**Problem to solve:** Write out only the lines from the top of the listing below through the one with "システムはバックグラウンドで", exactly as they stand, while keeping pictures out of the copy.

**Given data:**
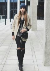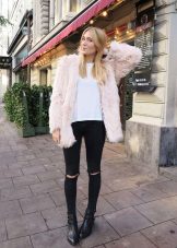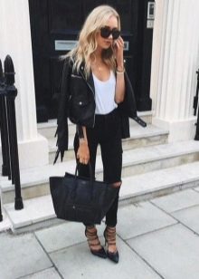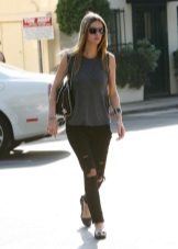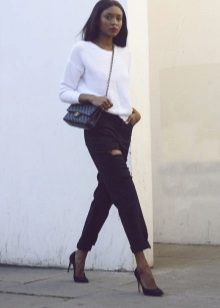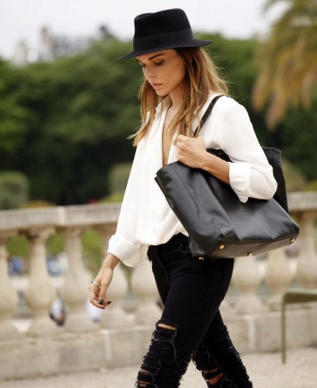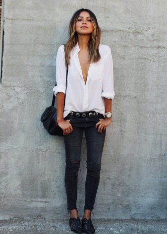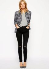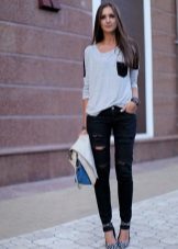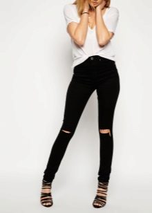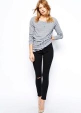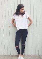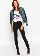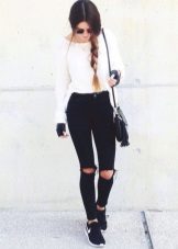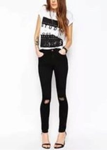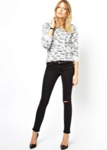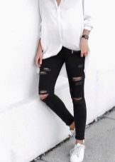 Many women prefer skinny jeans that can be worn to embody the look in a sporty or casual style. If you are interested in a business look, then you should wear a white blouse with a classic cut and stilettos. Be sure that the holes in the jeans will not interfere with your image of an elegant business woman.
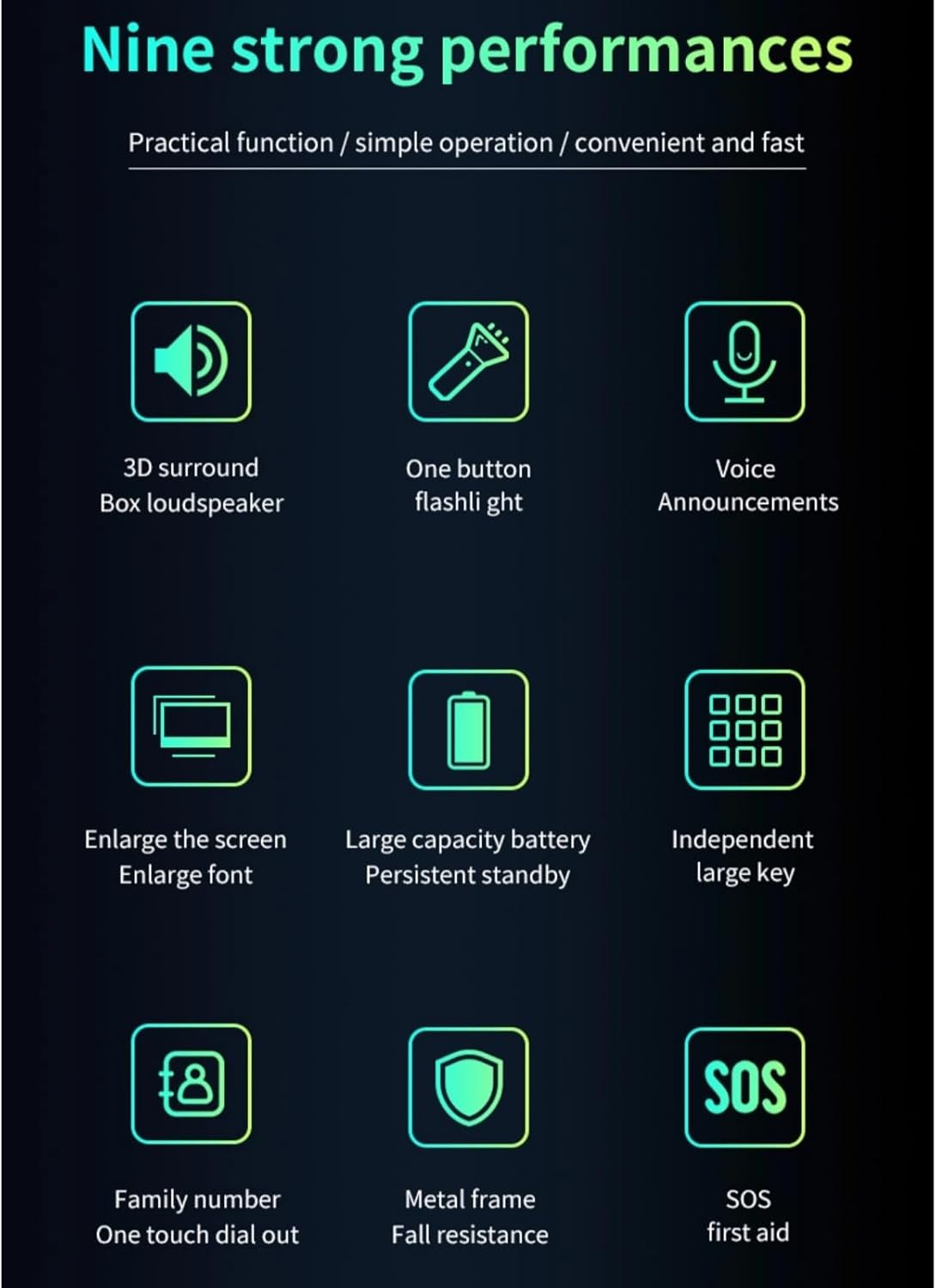 SOS Key Advanced Phone: If you encounter an emergency, you can use the SOS function to get immediate help, SOS emergency call, you can set up 9 emergency contacts, and you can dial with one key without flipping through the address book.
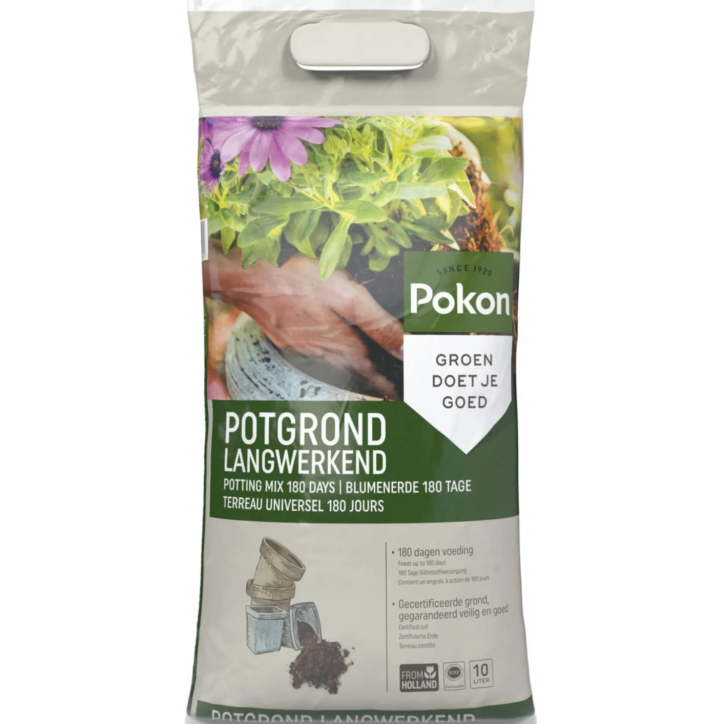 Pokon Potgrond Langwerkend is verkrijgbaar in 10 l en 40 l.
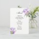 Die Menükarte wird auf weißem Grundpapier mit einem hübschen lila Orchideenprint angezeigt. Skript und Standardtext in schwarz. Passen Sie die Menüelemente an, indem Sie auf die Schaltfläche Bearbeiten anpassen klicken, suchen Sie nach rechts und suchen Sie geeignete Felder, um Ihre Informationen zu ändern.
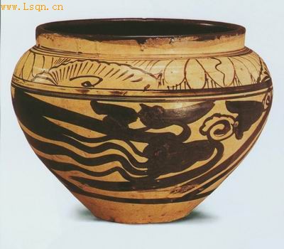高19.3厘米、口径21.8厘米、底径10.3厘米。 1957年安徽临泉出土。 大口,丰肩,平底内凹。内部施黑釉,外部在白釉上绘黑花。肩部饰莲花、荷叶,腹上绘飞凤纹。纹饰古朴,线条粗犷,具有浓郁的民间色彩。造型稳重,当属磁州窑风格的产品。
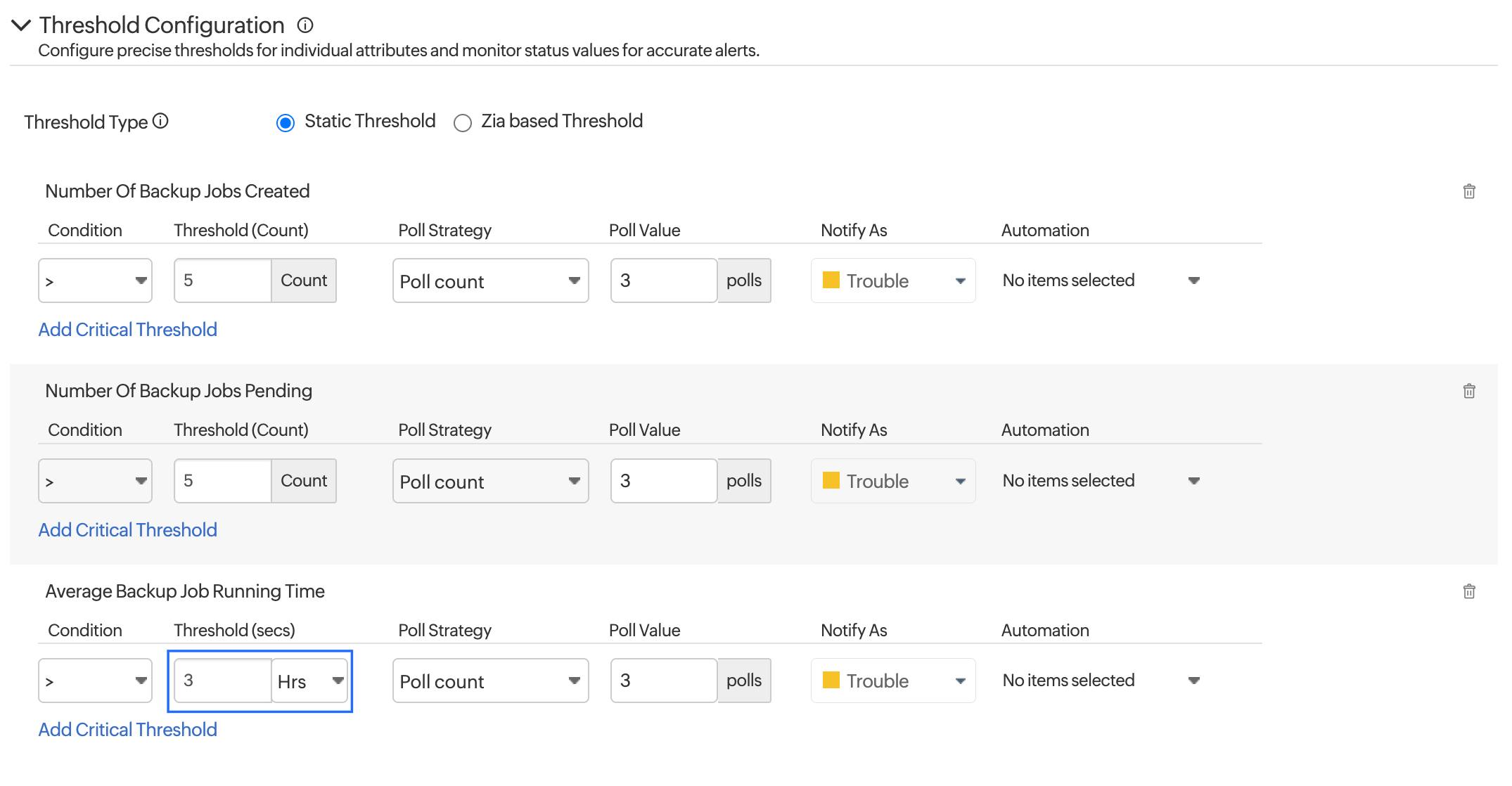 システムはバックグラウンドでしきい値(3時間)をミリ秒単位に自動変換し、メトリック値と比較します。アラートは、平均バックアップジョブ時間が3時間を超えた場合にのみトリガーされます。これにより、特に時間値が長い場合やストレージベースのメトリックの場合、閾値の設定が容易になります。
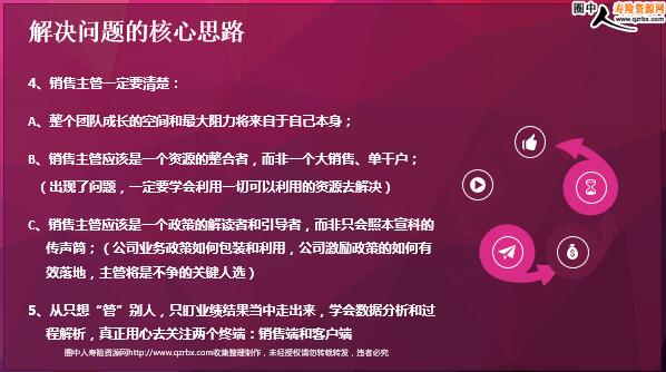 团队业绩提升 前言 拿破仑说:“一头狮子带领的一群羊,可以打败一头羊带领的一群狮子。” 启发:从现在起,你就是团队的头!你是狮子还是羚羊将影响团队的命运! 在非洲的草原上,如果见到羚羊在奔逃,那一定是狮子来了;如果见到狮子在躲避,那一定是象群发怒了;如果见到成千上万的狮子和大象集体逃命的壮观景象,那是蚂蚁军团来了。 启发:团队成功大于个人成功! 主管问题 解决问题的核心思路 1、强化主管的的培训和辅导;要深信,没有一个主管想当坏主管;要是主管有问题,其根源一定是在更高级别的领导身上; 2、改变主管的根本管理思路:由“管”改为“帮”;(你能力再强,上有政策,下肯定会有对策;你能力再弱,没有一个人会拒绝别人的真心帮助;) 3、作为销售主管一定要区分两个概念: A、我们要去“帮”员工,而不是直接去替代员工把活干完; B、团队成功一定大于个人成功,一定要善于用团队的利量去拿结果;(将独善其身,自己做好业绩就好;改为-大家好才是真的好!)解决问题的核心思路 4、销售主管一定要清楚: A、整个团队成长的空间和最大阻力将来自于自己本身; B、销售主管应该是一个资源的整合者,而非一个大销售、单干户;(出现了问题,一定要学会利用一切可以利用的资源去解决) C、销售主管应该是一个政策的解读者和引导者,而非只会照本宣科的传声筒;(公司业务政策如何包装和利用,公司激励政策的如何有效落地,主管将是不争的关键人选) 5、从只想“管”别人,只盯业绩结果当中走出来,学会数据分析和过程解析,真正用心去关注两个终端:销售端和客户端解决问题的核心思路 6、销售团队管理的核心在于从“管人”中脱离出来,先做到“理人”,进而做到“安人”; A、“管人”是最低层次的做法,其结果往往是:上面的人老是想“管”,下面的人就是不“理”;特别想“管”别人的主管,往往得不到一个好结果; B、“理人”通俗地说,就是要看得起对方,要想从心理看到起自己的员工,则必须清楚地知道自己员工的优点在哪里,否则这个看得起一定是假的、不长久的,做作的!我们只有学会“理人”,我们才可能真正清楚自己团队的战斗力在哪里?解决问题的核心思路

**Completed exercise:**
 Many women prefer skinny jeans that can be worn to embody the look in a sporty or casual style. If you are interested in a business look, then you should wear a white blouse with a classic cut and stilettos. Be sure that the holes in the jeans will not interfere with your image of an elegant business woman.
 SOS Key Advanced Phone: If you encounter an emergency, you can use the SOS function to get immediate help, SOS emergency call, you can set up 9 emergency contacts, and you can dial with one key without flipping through the address book.
 Pokon Potgrond Langwerkend is verkrijgbaar in 10 l en 40 l.
 Die Menükarte wird auf weißem Grundpapier mit einem hübschen lila Orchideenprint angezeigt. Skript und Standardtext in schwarz. Passen Sie die Menüelemente an, indem Sie auf die Schaltfläche Bearbeiten anpassen klicken, suchen Sie nach rechts und suchen Sie geeignete Felder, um Ihre Informationen zu ändern.
高19.3厘米、口径21.8厘米、底径10.3厘米。 1957年安徽临泉出土。 大口,丰肩,平底内凹。内部施黑釉,外部在白釉上绘黑花。肩部饰莲花、荷叶,腹上绘飞凤纹。纹饰古朴,线条粗犷,具有浓郁的民间色彩。造型稳重,当属磁州窑风格的产品。
 システムはバックグラウンドでしきい値(3時間)をミリ秒単位に自動変換し、メトリック値と比較します。アラートは、平均バックアップジョブ時間が3時間を超えた場合にのみトリガーされます。これにより、特に時間値が長い場合やストレージベースのメトリックの場合、閾値の設定が容易になります。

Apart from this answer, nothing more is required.